Разумеется, вопрос состоит в том, как не только утверждать это принципиальное различие, но и объяснить его неверующему, т.е. как доказать рациональность веры. В этом моменте позиция Лютера отличается от позиции Барта, утверждая не только корреляцию Бога и веры, но и корреляцию веры (или слова) и ситуации[346]. Ведь в слове «Бог» и в слове Божьем открывается не только Бог, но и ситуация человека. Слово «Бог» и Слово Божье даже описывают основную ситуацию человека как ситуацию слова; оно связано с одаренностью человека языком[347]. Слово «Бог» ссылается на то, «что человек в своей одаренности языком не властен над самим собой. Он живет властью слова, которая ему не принадлежит, и в то же время жаждет власти слова, которая также не может ему принадлежать»[348]. Таким образом, Бог есть тайна действительности[349]. Однако человек знает эту тайну только в слове и через слово; лишь в слове становится ясной истина о Боге и человеке. Только Слово Божье показывает, что Богу всегда есть дело до человека. Поэтому нельзя знать о Боге как тайне действительности прежде слова, однако можно верифицировать слово «Бог» и Слово Божье в бытии человека и мира — в смысле verum facere, делать истинным и вести к истине[350].

Спор с атеизмом представляет собой, таким образом, спор о мире и о человеке.

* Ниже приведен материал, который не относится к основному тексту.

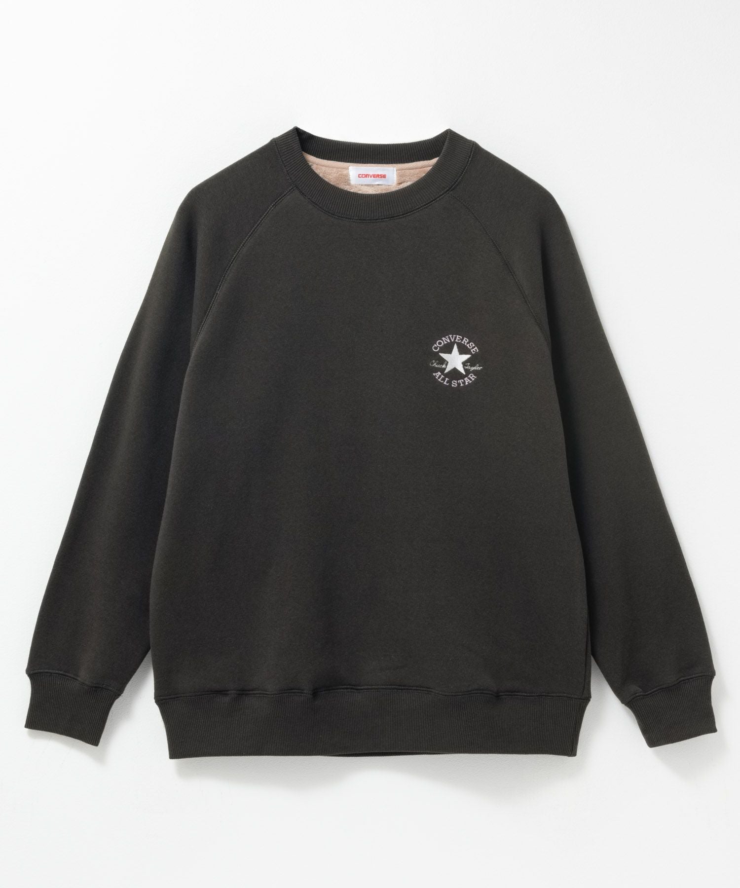 コンバース トレーナー スウェット 裏起毛 裏地 シャギー 暖かい あったか ワンポイント ロゴ 刺繍 白 黒 クルーネック プルオーバー

Однако этот спор ведется не так, как принято в естественном богословии (как раз в диалогическом определении отношений между верой в Бога и современным атеизмом), на основе предшествующей вере и неверию естественной возможности богопознания как всеобщей нейтральной основы. Позиция Лютера и Барта согласны в том, что вера не есть особый случай в рамках всеобщего[351]. Исходным пунктом является действительность веры, сталкивающаяся с действительностью неверия как с фактической ситуацией человека, которую она стремится убедить в ее потерянности и неистинности. Исходный пункт есть обетование Бога, promissio слова откровения, которому соответствует вера, но противоречит неверие. Мышление Лютера движется не по схеме «естественное — сверхъестественное Богопознание», а по схеме «Закон и Евангелие»[352].

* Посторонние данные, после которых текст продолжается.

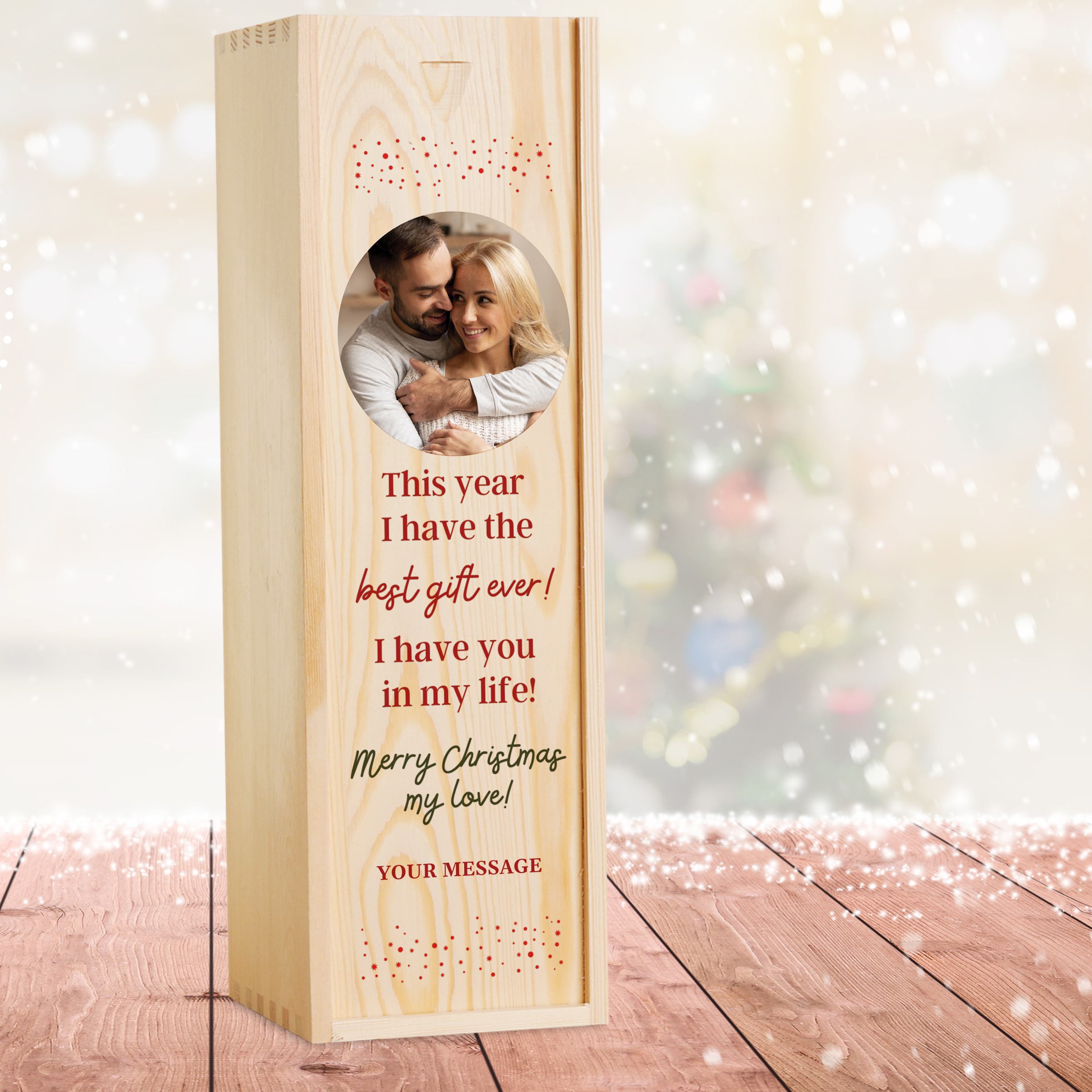 This personalised wine box with a bottle of wine makes the perfect Christmas gift.

Из тезиса, что истинное познание Бога возможно лишь в вере в Слово Божье, следует, что мы никогда не можем говорить о Боге, не принимая во внимание человека, а только как о «Боге для меня и для нас», о Боге в Его отношении к человеку[353]. Тот, кто закрывает глаза на это отношение и абстрактно говорит о бытии Божьем «в себе», находится в опасности объективировать Бога и, таким образом, лишить Его божественности. Тогда утверждение существования Бога — такой же атеизм, как и его отрицание[354]. Поэтому старая онтология субстанции должна смениться мышлением, в котором центральной категорией является отношение. «Представление о Боге без мира есть лишь предельная мысль, которая выражает ту истину, что в совместном существовании Бога и мира абсолютный примат принадлежит Богу»[355]. Впрочем, «Deus supra nos, nihil ad nos», Он нас не касается[356]. Таким образом, отпадает и классическое различие между покоящимся бытием Божьим и Его деятельностью. Из сознания того, что о бытии Божьем невозможно говорить, не принимая во внимание Его деятельность, следует, что «бытие Бога — в становлении»[357]. Здесь угрожающе близка, во всей ее двусмысленности, позиция Гегеля, согласно которой Бог не может существовать без мира[358]. И в лютеровской версии диалектическое определение соотношения веры и неверия находится в опасности перейти в тождество обоих, в невозможность аргументативного различения между верой и неверием, что заканчивается утверждениями, основанными лишь на произволе. Опасность атеизма до конца не устранена ни в старой онтологии субстанции, ни в развитом из учения Лютера богословии отношения.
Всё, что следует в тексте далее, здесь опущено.